Таким образом, оставив богам отмщенье иным погубителям отца своего, ранней весной года 476 от начала Игр в Олимпии Полиоркет, располагая к тому времени двадцатью тысячами воинов и немалым флотом, бросил вызов фракийскому вепрю. Лисимах, узнав о выступлении Деметрия загодя, от верных лазутчиков, не придал вести должного значения, полагая, что Олимпийцы отвернулись от Антигонова сына навсегда, и лишь повелев объявить по всей Элладе о повышении награды за голову Деметрия до четырехсот талантов………………………..вознеся молитвы Зевсу, Арею-шлемоблещущему, а также и Афи………………………………………….не обманулся в своих ожи……………………………удачей Полиоркета!

Возможно ли поверить?!

Лишившись доброго отца-покровителя, утратив любимую матушку, ибо почтенная царица тихо угасла в одну из осенних ночей, не перенеся тоски по павшему супругу, не успев к смертному ложу богоданной жены своей, Деидамии Эпирской, умершей родами вместе с ребенком, по счастью, оказавшимся всего лишь девочкой, отвергнутый большинством ложных друзей и удрученный известиями о горестной судьбе тех, кто сохранил верность (из коих прежде всего следует назвать афинянина Страток………………………………………………………ского, а также………………………………………. арха-этолийца), он ударил могущественного врага в самое болезненное для Лисимаха место, молниеносной атакой с моря захватив крепости по обе стороны Геллеспонта и став таким образом хозяином водных путей, снабжающих Элладу боспорским зерном. Что же касается Лисимаха, то он не успел прийти на помощь тем, кому эту помощь обещал, подговаривая легковерных изменить Полиоркету в злую осень года 475. Обильные припасы, продовольственные и оружейные, а также и золото, охотно выплаченное прощенными изменниками во искупление вины, послужили как нельзя кстати, позволив Полиоркету разослать вербовщиков во все земли Эллады, призывая отважных на службу и гарантируя щедрые выплаты вперед.

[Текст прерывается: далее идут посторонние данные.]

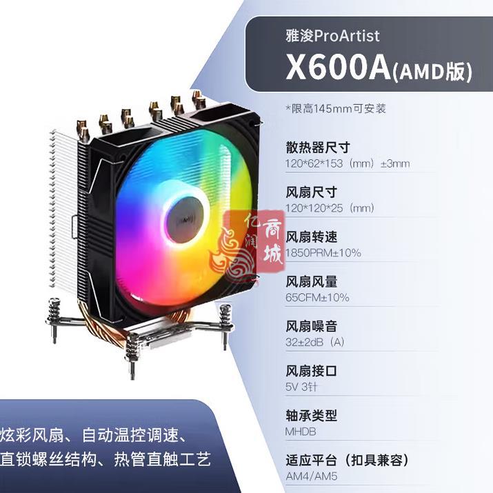 商品名称:雅俊 X600A 黑色 AMD专用炫彩风扇 商品编号:ECS020200 品牌:雅俊 上架时间:2025-09-27 商品毛重:0克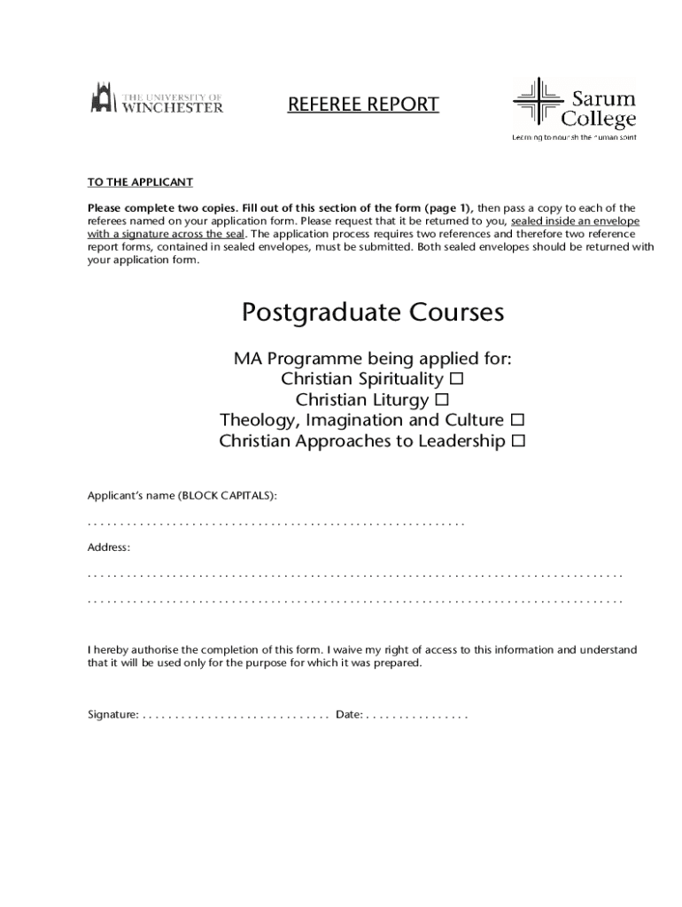REFEREE REPORT TO THE APPLICANT Please complete two copies. Fill out of this section of the form (page 1), then pass a copy to each of the referees named on your application form. Please request that

Стоит ли удивляться, что уже к концу лета года 476 Деметрий располагал более чем тридцатью тысячами пеших и конных, а также и тремя сотнями кораблей? И Лисимах, решившийся было встать в поле против Полиоркета, испытал горечь поражения, и укрылся в горах Фракии, моля нечесаных варварских богов лишь о том, чтобы победитель не пожелал вторгнуться в его царство! Полиоркет же, полагая, что фракийские земли никак ему не нужны, а перенесение войны в край варваров, согласно оракулу, сулит больше вреда, нежели пользы, не стал преследовать презренного, объявив через вестников Элладе, что милует на время презренного отца ради симпатии к благородству сына. С тех пор Лисимах отказал Агафоклу в праве видеть себя, заявляя всем и каждому, что наследник его не простил отцовского гнева и переметнулся к Деметрию, дабы с его помощью похитить у отца фракийский престол и диадему. Воистину, кого боги хотят погубить, того они лишают разума!…………………………….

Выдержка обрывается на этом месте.